Spatial Autocorrelation in Residuals

  • We have now seen several models / datasets where effect of some variable \(X\) (say, population) on another variable \(Y\) (say, disease count) is spatial! (Kind of the whole point of the class 😜)
  • So, to see when OLS will “work”, vs. when you need to incorporate GIS, key step is plotting the spatial distribution of regression residuals!

Example: Italian Elections

Ward and Gleditsch (2018), Figure 2.3

Ward and Gleditsch (2018), Figure 2.4

Will OLS “Work” Here?

  • Can we use OLS to derive the BLUE of the effect of GDP on voting?
Plain OLS
\(N = 477\) \(\widehat{\beta}\) SE \(t\)
Intercept 35.30 2.21 15.96
Log GDP per cap 13.46 0.65 20.84

Moran’s \(I\) for residuals = 0.47(!)

 

Spatial Regression
\(N = 477\) \(\widehat{\beta}\) SE \(t\)
Intercept 4.70 1.66 2.80
Log GDP per cap 1.77 0.48 3.66
\(\rho\) 0.87 0.02 36.7

What Does it Mean that “Spatial Effect” is Significant?

Ward and Gleditsch (2018), Figure 2.5

Case 1: No Residual Spatial Autocorrelation

  • Example: Residuals have Moran’s \(I\) near 0…
  • …Don’t need GIS at all!

Case 2: Conditional Autoregressive Model (CAR)

  • GIS, but… only for “fixing” your regression

\[ Y_i = \underbrace{\mu_i}_{\text{Non-spatial model}} + \underbrace{\frac{1}{w_{i,cdot}}\sum_{j \neq i}(Y_j - \mu_j)}_{\text{Spatial Autocorrelation}} + \varepsilon_i \]

Case 3: Simultaneous Autoregressive Model (SAR)

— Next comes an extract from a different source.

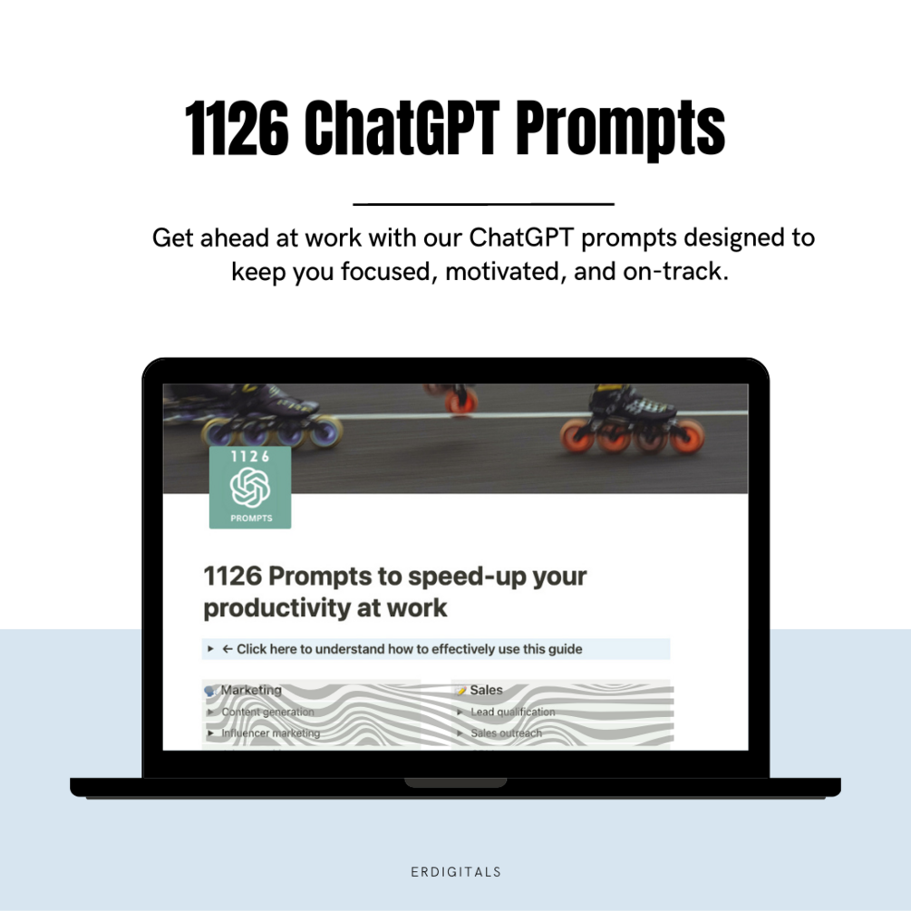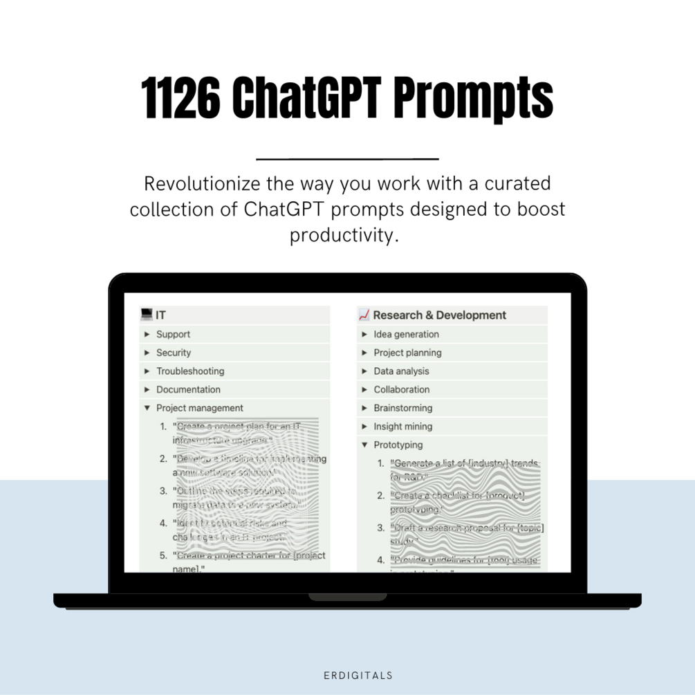 #BoostProductivity and streamline your workday with our collection of #ChatGPTprompts! With over a thousand expertly curated prompts, this resource is designed to help you stay focused, motivated, and on-track as you tackle your daily tasks. Perfect for #freelancers, #entrepreneurs, and anyone looking to optimize their workflow, this comprehensive guide is now available on #Gumroad. Download your copy today and start achieving your goals like never before!

  • The main event! Here we are explicitly modeling “spatially lagged” versions of our dependent variable \(Y\)!

\[ Y = \mathbf{X}\beta + \rho \underbrace{\mathbf{W}Y}_{\mathclap{\text{Spatially-lagged }Y}} + \boldsymbol\varepsilon \]

References

Gimond, Manuel. 2024. Introduction to GIS and Spatial Analysis. Colby College (ES214).
Ward, Michael D., and Kristian Skrede Gleditsch. 2018. Spatial Regression Models. SAGE Publications.